BEGIN MATERIAL FOR THE TASK
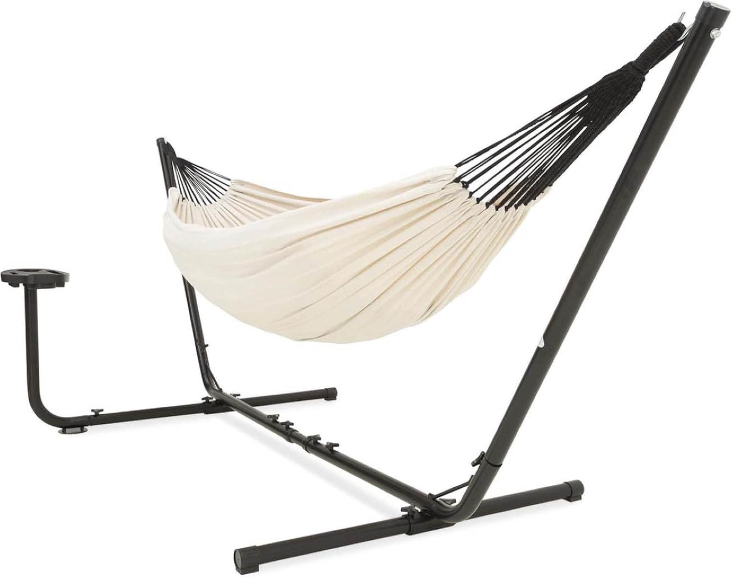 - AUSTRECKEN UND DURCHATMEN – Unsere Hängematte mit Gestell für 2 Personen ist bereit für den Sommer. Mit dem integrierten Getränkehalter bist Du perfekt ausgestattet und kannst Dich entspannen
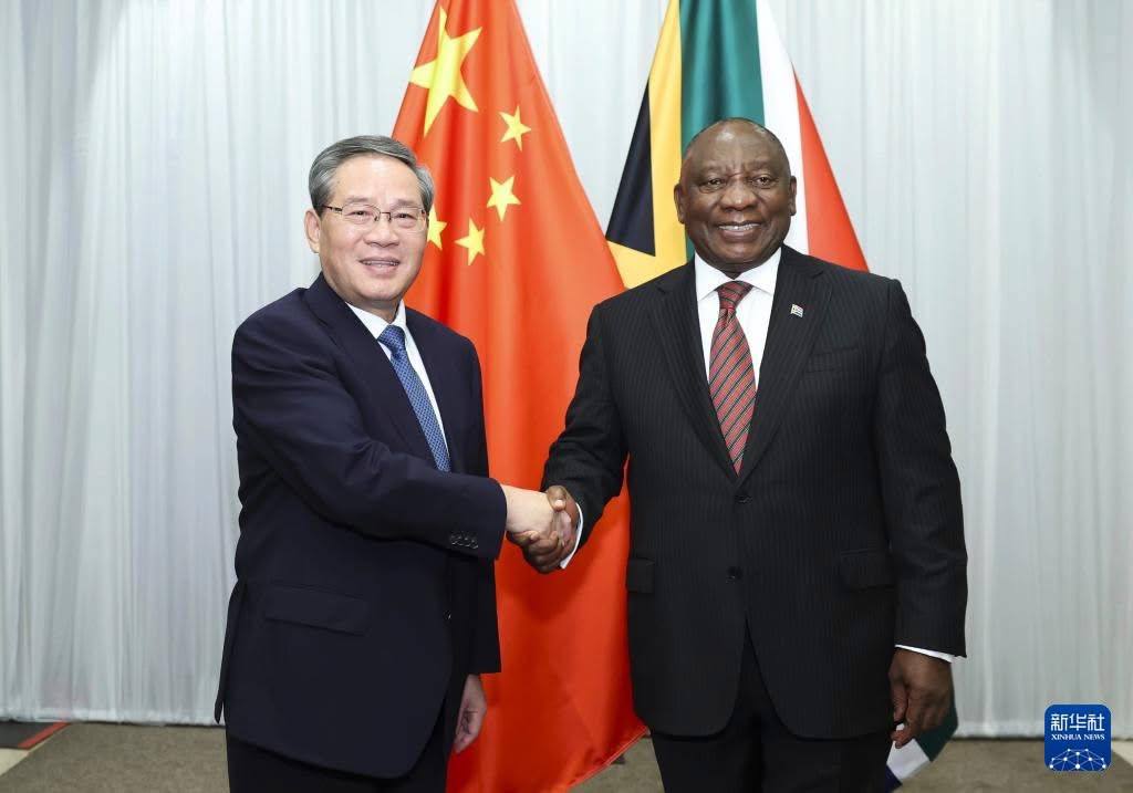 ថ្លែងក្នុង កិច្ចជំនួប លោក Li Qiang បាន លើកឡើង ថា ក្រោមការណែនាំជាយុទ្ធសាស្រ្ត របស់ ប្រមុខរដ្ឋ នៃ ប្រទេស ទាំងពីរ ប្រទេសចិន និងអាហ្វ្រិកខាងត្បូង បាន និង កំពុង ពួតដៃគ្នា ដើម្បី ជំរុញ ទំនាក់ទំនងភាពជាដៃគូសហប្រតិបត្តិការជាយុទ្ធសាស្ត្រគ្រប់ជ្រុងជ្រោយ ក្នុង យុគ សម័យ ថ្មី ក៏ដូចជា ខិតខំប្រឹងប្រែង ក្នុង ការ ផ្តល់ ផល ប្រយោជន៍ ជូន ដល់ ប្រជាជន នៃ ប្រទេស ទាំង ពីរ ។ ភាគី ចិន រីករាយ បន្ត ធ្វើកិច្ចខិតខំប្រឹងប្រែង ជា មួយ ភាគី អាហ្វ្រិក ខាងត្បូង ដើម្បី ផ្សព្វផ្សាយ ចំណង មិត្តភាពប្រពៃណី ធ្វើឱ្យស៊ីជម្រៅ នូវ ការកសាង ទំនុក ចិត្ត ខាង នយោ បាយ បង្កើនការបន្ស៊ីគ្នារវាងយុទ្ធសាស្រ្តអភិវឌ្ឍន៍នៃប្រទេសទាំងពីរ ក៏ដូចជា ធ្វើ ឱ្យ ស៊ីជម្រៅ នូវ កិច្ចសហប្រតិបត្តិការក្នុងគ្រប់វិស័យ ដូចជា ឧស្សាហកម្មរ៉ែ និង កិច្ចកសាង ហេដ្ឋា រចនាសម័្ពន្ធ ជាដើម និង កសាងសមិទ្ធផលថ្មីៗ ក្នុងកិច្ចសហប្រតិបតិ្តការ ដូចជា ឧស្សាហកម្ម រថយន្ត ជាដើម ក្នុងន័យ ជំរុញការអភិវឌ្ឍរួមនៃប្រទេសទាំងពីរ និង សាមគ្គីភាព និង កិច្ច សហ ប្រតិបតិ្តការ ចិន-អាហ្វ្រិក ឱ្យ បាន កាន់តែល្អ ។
END MATERIAL FOR THE TASK
BEGIN MATERIAL FOR THE TASK
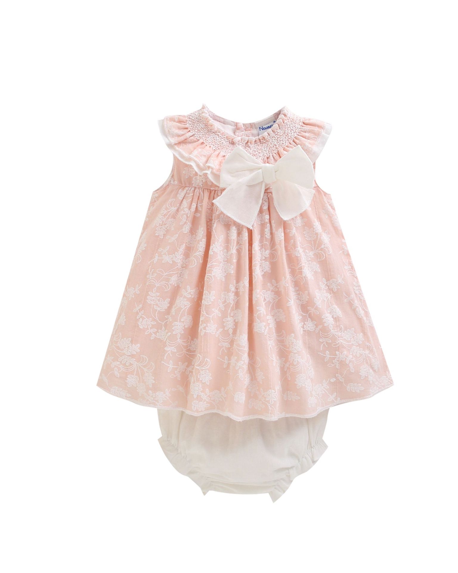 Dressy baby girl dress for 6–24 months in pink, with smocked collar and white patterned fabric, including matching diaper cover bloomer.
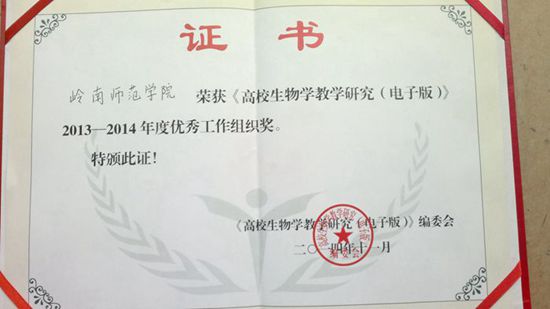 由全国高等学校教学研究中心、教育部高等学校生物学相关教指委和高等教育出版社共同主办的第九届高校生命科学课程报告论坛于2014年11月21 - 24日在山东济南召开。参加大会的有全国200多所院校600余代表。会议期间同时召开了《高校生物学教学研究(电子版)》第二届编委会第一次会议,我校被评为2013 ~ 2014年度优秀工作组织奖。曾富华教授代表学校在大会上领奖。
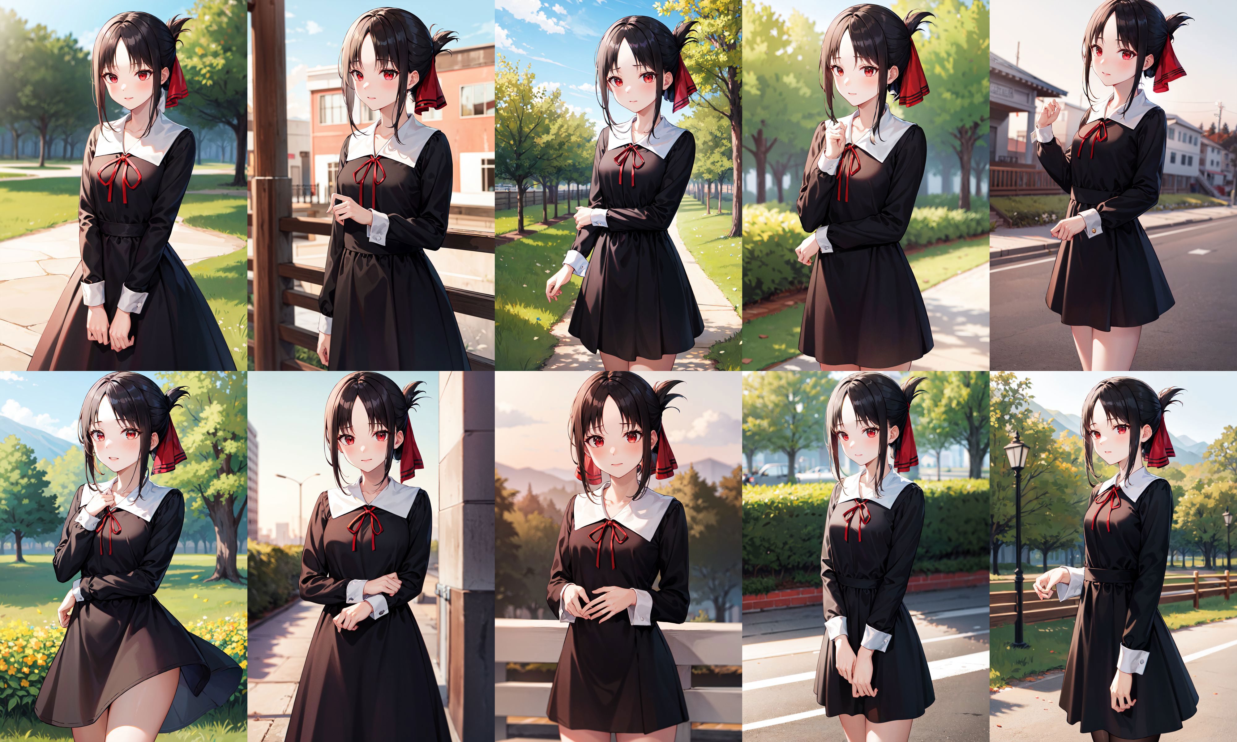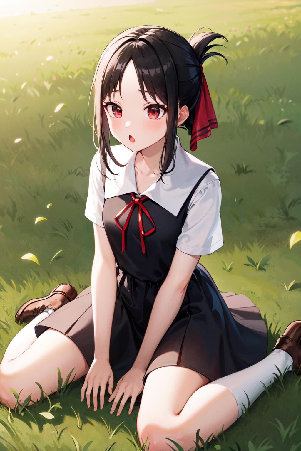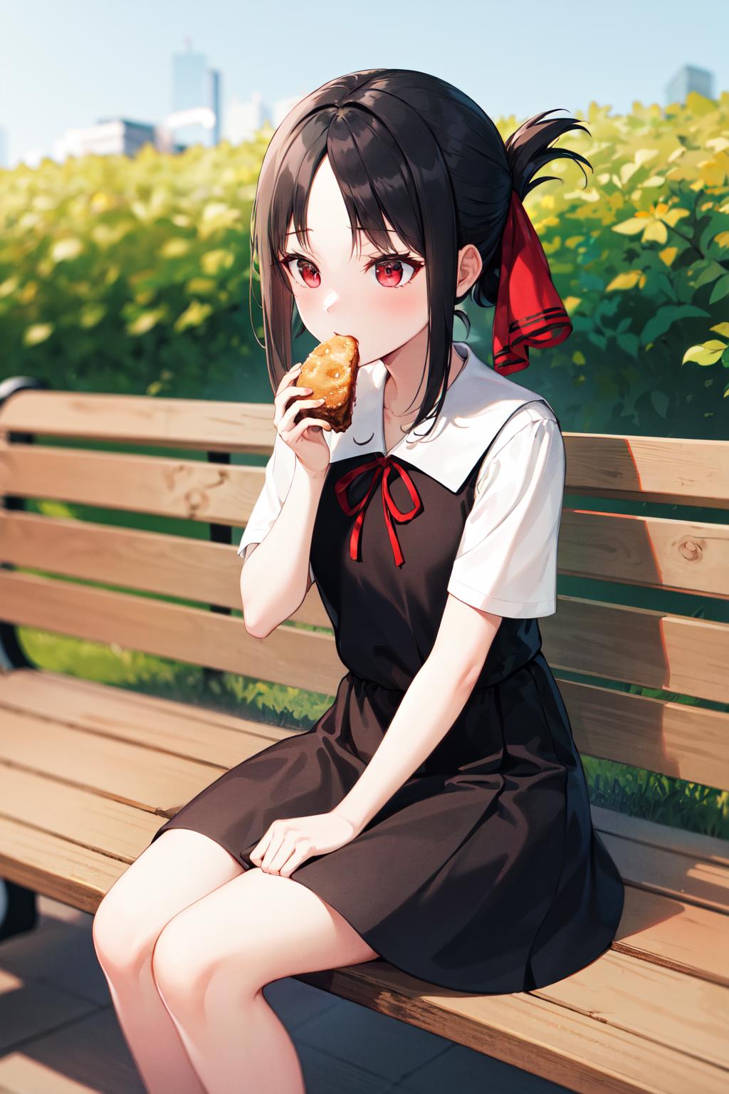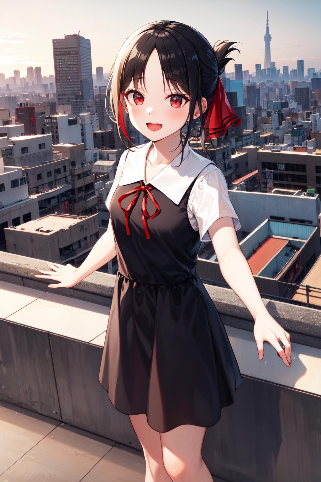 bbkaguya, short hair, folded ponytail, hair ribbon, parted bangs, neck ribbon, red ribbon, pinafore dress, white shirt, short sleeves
END MATERIAL FOR THE TASK
BEGIN MATERIAL FOR THE TASK
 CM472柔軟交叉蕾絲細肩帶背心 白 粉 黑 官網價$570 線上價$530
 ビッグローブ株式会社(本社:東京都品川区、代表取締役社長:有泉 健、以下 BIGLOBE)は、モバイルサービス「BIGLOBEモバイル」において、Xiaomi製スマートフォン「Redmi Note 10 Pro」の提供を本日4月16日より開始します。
END MATERIAL FOR THE TASK
Return, exactly as they stand, the lines above from the one with "- AUSTRECKEN UND" to the one with "ថ្លែងក្នុង កិច្ចជំនួប លោក", omitting any pictures among them.

 - AUSTRECKEN UND DURCHATMEN – Unsere Hängematte mit Gestell für 2 Personen ist bereit für den Sommer. Mit dem integrierten Getränkehalter bist Du perfekt ausgestattet und kannst Dich entspannen
 ថ្លែងក្នុង កិច្ចជំនួប លោក Li Qiang បាន លើកឡើង ថា ក្រោមការណែនាំជាយុទ្ធសាស្រ្ត របស់ ប្រមុខរដ្ឋ នៃ ប្រទេស ទាំងពីរ ប្រទេសចិន និងអាហ្វ្រិកខាងត្បូង បាន និង កំពុង ពួតដៃគ្នា ដើម្បី ជំរុញ ទំនាក់ទំនងភាពជាដៃគូសហប្រតិបត្តិការជាយុទ្ធសាស្ត្រគ្រប់ជ្រុងជ្រោយ ក្នុង យុគ សម័យ ថ្មី ក៏ដូចជា ខិតខំប្រឹងប្រែង ក្នុង ការ ផ្តល់ ផល ប្រយោជន៍ ជូន ដល់ ប្រជាជន នៃ ប្រទេស ទាំង ពីរ ។ ភាគី ចិន រីករាយ បន្ត ធ្វើកិច្ចខិតខំប្រឹងប្រែង ជា មួយ ភាគី អាហ្វ្រិក ខាងត្បូង ដើម្បី ផ្សព្វផ្សាយ ចំណង មិត្តភាពប្រពៃណី ធ្វើឱ្យស៊ីជម្រៅ នូវ ការកសាង ទំនុក ចិត្ត ខាង នយោ បាយ បង្កើនការបន្ស៊ីគ្នារវាងយុទ្ធសាស្រ្តអភិវឌ្ឍន៍នៃប្រទេសទាំងពីរ ក៏ដូចជា ធ្វើ ឱ្យ ស៊ីជម្រៅ នូវ កិច្ចសហប្រតិបត្តិការក្នុងគ្រប់វិស័យ ដូចជា ឧស្សាហកម្មរ៉ែ និង កិច្ចកសាង ហេដ្ឋា រចនាសម័្ពន្ធ ជាដើម និង កសាងសមិទ្ធផលថ្មីៗ ក្នុងកិច្ចសហប្រតិបតិ្តការ ដូចជា ឧស្សាហកម្ម រថយន្ត ជាដើម ក្នុងន័យ ជំរុញការអភិវឌ្ឍរួមនៃប្រទេសទាំងពីរ និង សាមគ្គីភាព និង កិច្ច សហ ប្រតិបតិ្តការ ចិន-អាហ្វ្រិក ឱ្យ បាន កាន់តែល្អ ។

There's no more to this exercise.